To me this sounds like a sampling and coverage problem, where the measurements (the samples) need to be selected in such a way that they cover some space associated with the dynamics of the system. Each measurement would be associated with an information gain, and we would say that no more measurements are necessary when all the “information space” has been almost covered. Something like this would have strong links with sampling-based path planning. In fact, there have been papers that have considered problems such as path planning for a robot so that the path gives rise to the lowest positional uncertainty at the end, but I’m not sure that this is the same as saying that the “information space” has been covered.
Or planning that takes into account velocity, acceleration, momentum, force bounds, as well as the dynamics of the vehicle. For example, lateral motion is possible for an omnidirectional robot, but not for a car. This sub-field of planning is very closely related to and borrows ideas from optimal control, however, it always takes into consideration the presence of static or dynamic obstacles in the environment.
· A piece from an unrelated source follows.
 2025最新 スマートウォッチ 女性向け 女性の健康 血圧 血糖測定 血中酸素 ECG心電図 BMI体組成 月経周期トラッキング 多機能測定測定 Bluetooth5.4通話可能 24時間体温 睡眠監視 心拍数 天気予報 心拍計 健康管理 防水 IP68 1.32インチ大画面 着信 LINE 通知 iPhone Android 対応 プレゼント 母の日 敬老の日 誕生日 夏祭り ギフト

- One issue with existing solutions to this problem, such as kinodynamic RRT and RRT* is that they assume a Steer() function which essentially does optimal control from one state to another nearby one (often without taking into account obstacles). As far as I know, this is hard to do even for Dubins and Reeds-Shepp car dynamics. It would be interesting to see if we could eliminate the need for solving an optimal control problem within a larger-scale optimal control problem. I wonder if there is a way to make RRTs keep their Voronoi bias even in the case where we do not sample a state uniformly, but we appropriately sample from the control space in such a way that the forward integration to the end state results in a uniformly sampled new state. In Lavalle and Kuffner’s Fig. 3 this sampling from the control space was dismissed quickly, because it lead to a random tree that preferred extensions near the already-explored space, but I wonder how they sampled the controls.
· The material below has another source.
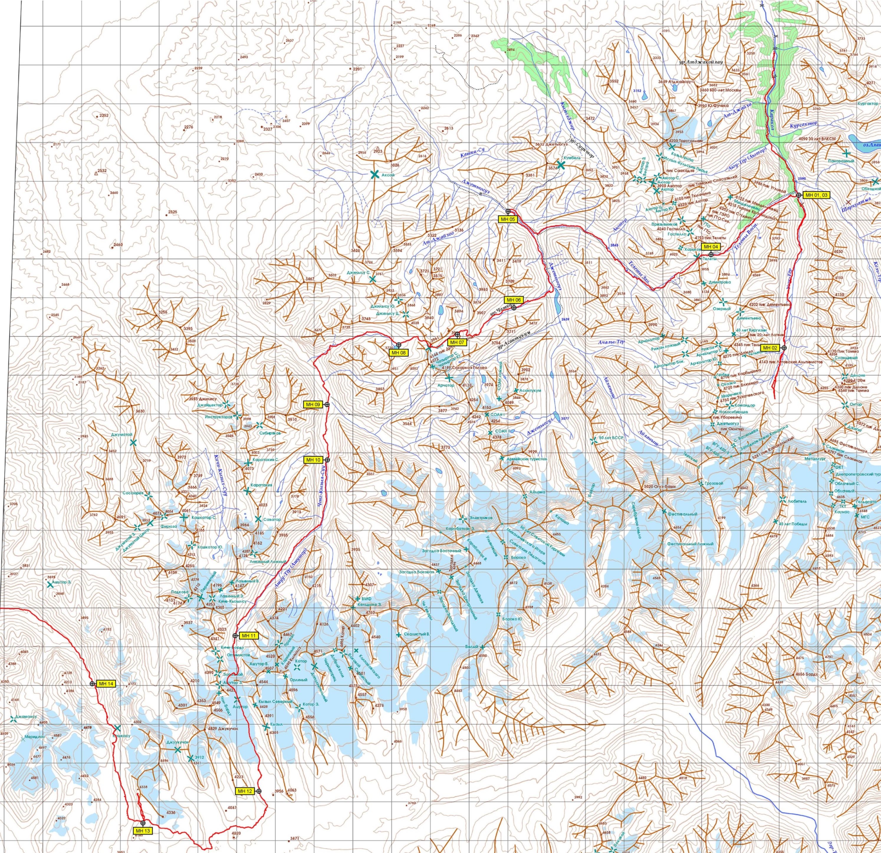 Каракол – а/л «Каракол» – радиальный выход на ледник Онтор – пер. Телеты (1А, 3785) – р. Телеты Зап. – р. Джеты-Огуз – пер. Эхо (1А, 3915)– радиальный подъем на обзорную вершину 3974 (н/к) – р. Шатылы – р. Чон-Кызыл-Су – ФГС – лед. Ашутор Сев. – пер. Ашутор (1Б, 4165) – лед. Ашутор Юж. – р. Арабель – пер 3986 (н/к) – в. Марс (1А, 4344) – пер. Кашкасу (1А, 3862) – слияние рек Джууку и Джуукучак

- Another issue is that both RRT and RRT* require a NearestNeighbour() function that returns the closest state to a given state. In the case of omnidirectional robots, one can use a kd-tree to partition the euclidean metric space into regions, such that nearest neighbour queries take O(logn) instead of n in the case of brute-force search. In the case of non-holonomic robots you might have distance functions that are non-euclidean, in which case kd-trees will not work. So, what are some good data structures to use for nearest neighbour queries in non-euclidean spaces? Or, a better question perhaps, can we modify RRT so that it doesn’t need nearest neighbour queries at all?
- A third issue is that multi-robot kinodynamic planning becomes a bit cumbersome if we think about it in terms of the current formulation of RRT and RRT*. Consider for example the notion of a terminating time: if you are planning the trajectories of multiple robots in a way that the planning of one robot cannot be separated from the others’, then you will need to consider a different terminating time for each robot if you extend the tree by sampling in state space. On the other hand, if you sampled in control space and decided to extend the state by a time duration dt then this would be avoided.
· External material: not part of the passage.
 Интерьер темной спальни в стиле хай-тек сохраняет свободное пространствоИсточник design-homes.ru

- A fourth issue, which sometimes bothers me, is whether long-term planning is really necessary for robots in the field. I agree that it is very useful and in fact mandatory for robotic hands in assembly lines or in labs. But, for robots that operate in natural, unstructured environments it seems like to make an optimal long-term plan and then blindly execute it is foolish, because unexpected circumstances will most likely appear. Plans will have to adapt to incoming streams of sensor feedback. So, why optimize for the optimal plan in a perfectly controlled environment when we should probably be optimizing for the most “adaptable” plan in a “noisy” environment? Finally, if we insist to plan optimal paths for a known environment, how long should the planning horizon be?
Friday night in Montreal, with the streets being almost blocked by a snowstorm that left us half a meter of snow between our door and the outside world. It is also a night in which my next-door neighbours have decided to test the full extent of their speaker’s bass capabilities — currently playing a remix of Lana Del Rey’s Blue Jeans. It’s impressive to hear that they are accompanying the song during its high notes; perhaps it’s time to throw that neighbourhood karaoke party after all.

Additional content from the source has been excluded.